The customer, Gabrielle Goltz, agreed to send the cost of the item to my firstname.lastname@example.org account. Within a matter of a few minutes I received a new email in my Inbox stating: “You’ve received payment of $1600.00CAD from Gabrielle Goltz (INTERAC e-TRANSFER)”
In the “From” section it read: “From Interac Etransfer email@example.com“
I am including in this email a screenshot of the body of the email which shows all the information contained in it. The little blue/grey titled square next to the line saying “Transfer On Hold…Until (Shipment Tracking Number is Provided)” in the original email appears as a blinking type of icon.
I had never received such an email before so I became a bit suspicious about it but told the customer that I would send off the item and then send them the tracking number. (I have screenshots and the text of the full exchange between us on FB Messenger).
When I went into the Post Office in Quesnel I showed the clerk a copy of the email which I had printed off at home and brought along with me. They looked at it and said they had never seen such a thing before. Another clerk also said the same and then advised me to take it to my bank and see what they had to say. I went to my CIBC bank and showed it to the Manager and another staff person working there and they also had never seen or heard of such a thing and advised me to not sent the item to the address (which was in California, USA).
I didn’t send the item and replied to the sender in Marketplace messenger that their email appeared to be a scam. I haven’t heard back from them since yesterday afternoon.
The email itself is very authentic looking and you may already be aware of it for all I know but I would like to hear back from you regarding this matter. I am also an online publisher and editor of the Cariboosentinel.ca. It’s my intention to publish a story on this but I would first like to hear from you so I have all the facts correct.
Thank you for any assistance you may be able to provide me with.
***[Editor’s Note: Please understand that the name of the purchaser in the email which I received, i.e, Gabriele Goltz, is a real person and she does live in Germany and her friends on her page are also real persons. The only thing that isn’t real and doesn’t show is the FACT that the scammer was able to impersonate this person after first conning her into believing a similar story and then stealing not only her profile and money from her account but now is using her Facebook page to con others who may be selling other high-end items on Marketplace.]

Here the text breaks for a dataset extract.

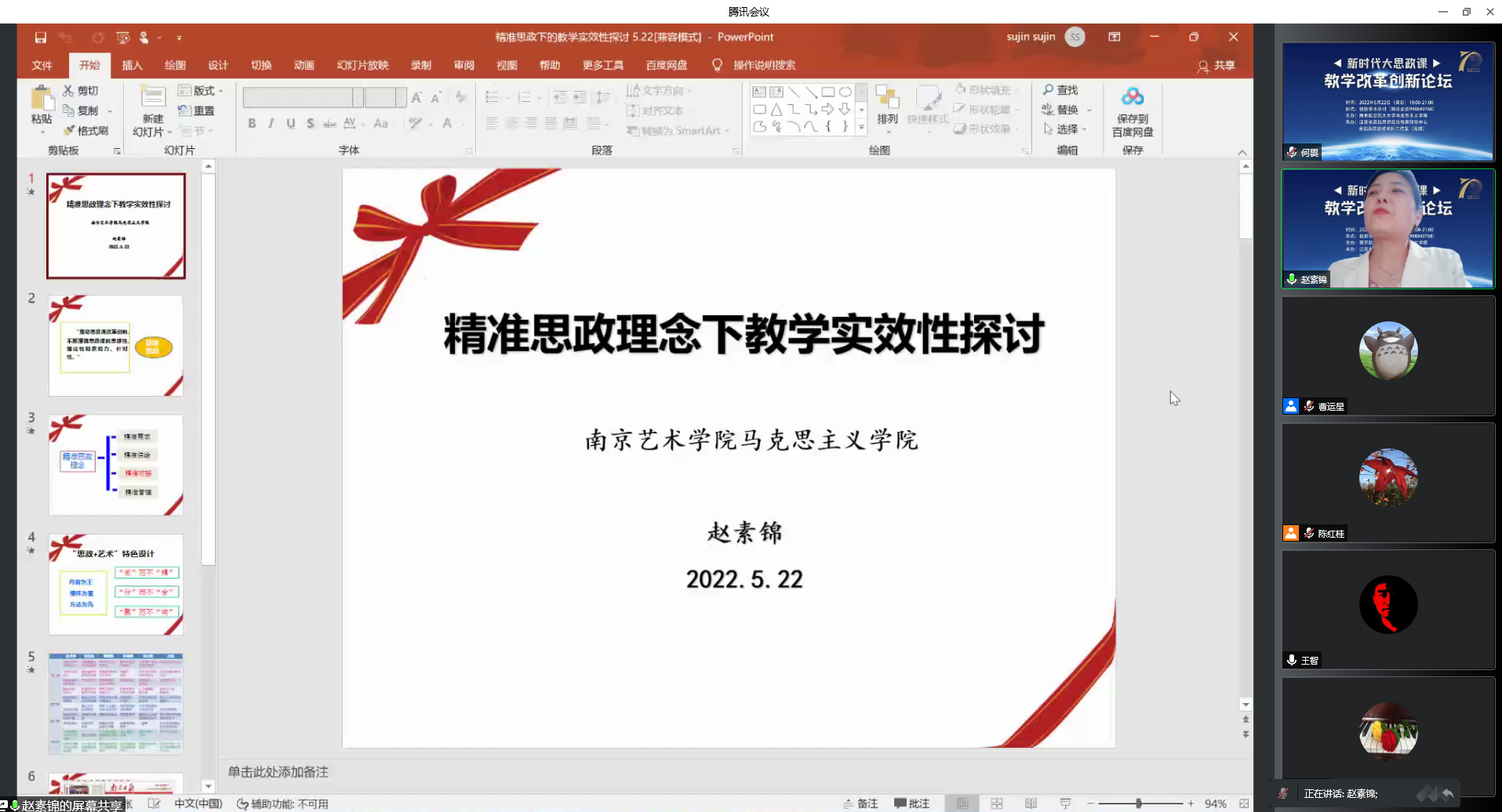 南京艺术学院taptap点点官方网站赵素锦副院长就精准思政理念下提升教学实效性做了分享。她从研究精准需求、注重鲜明特色、情怀为重、方法为先、精准施策等角度阐释了对大思政课改革创新的理解。还介绍了南京艺术学院在精准思政方面的探索和经验做法。

After writing to Interac I went back into Messenger and did a search on the person called Gabriele Goltz. As it turned out they were living in Germany. There wasn’t much on the Home Page and there were only 7 Friends showing. I looked more closely and saw that 6 of them were in Germany but the 7th Friend was living in Prince George, B.C. Canada! I clicked on the name and it took me to the person and their page. They were also running a business in P.G. and had a website url and when I checked it out there was an email which I was able to use so I wrote them and briefly explained what I had been experiencing. I asked them to give me a phone call so we could discuss the situation and later that same day they did call and I was able to finally get “the rest of the story”.
The one thing that really made the con appear legitimate was the body of the email and the way it presented itself as an actual Interac e-Transfer embellished with the Canada Post logo. For anyone who didn’t read the fine print and look at the actual email address which was a “@gmail.com” address, one which a large corporation like Interac would never be using, overall it was pretty authentic looking.
Hopefully this example will be beneficial to others if they’re selling an expensive item and they get a similar message telling them to send the item first and then send the tracking number to a bogus email.
It would be appreciated if anyone reading this article has experienced similar cases that they could share them in the comments section.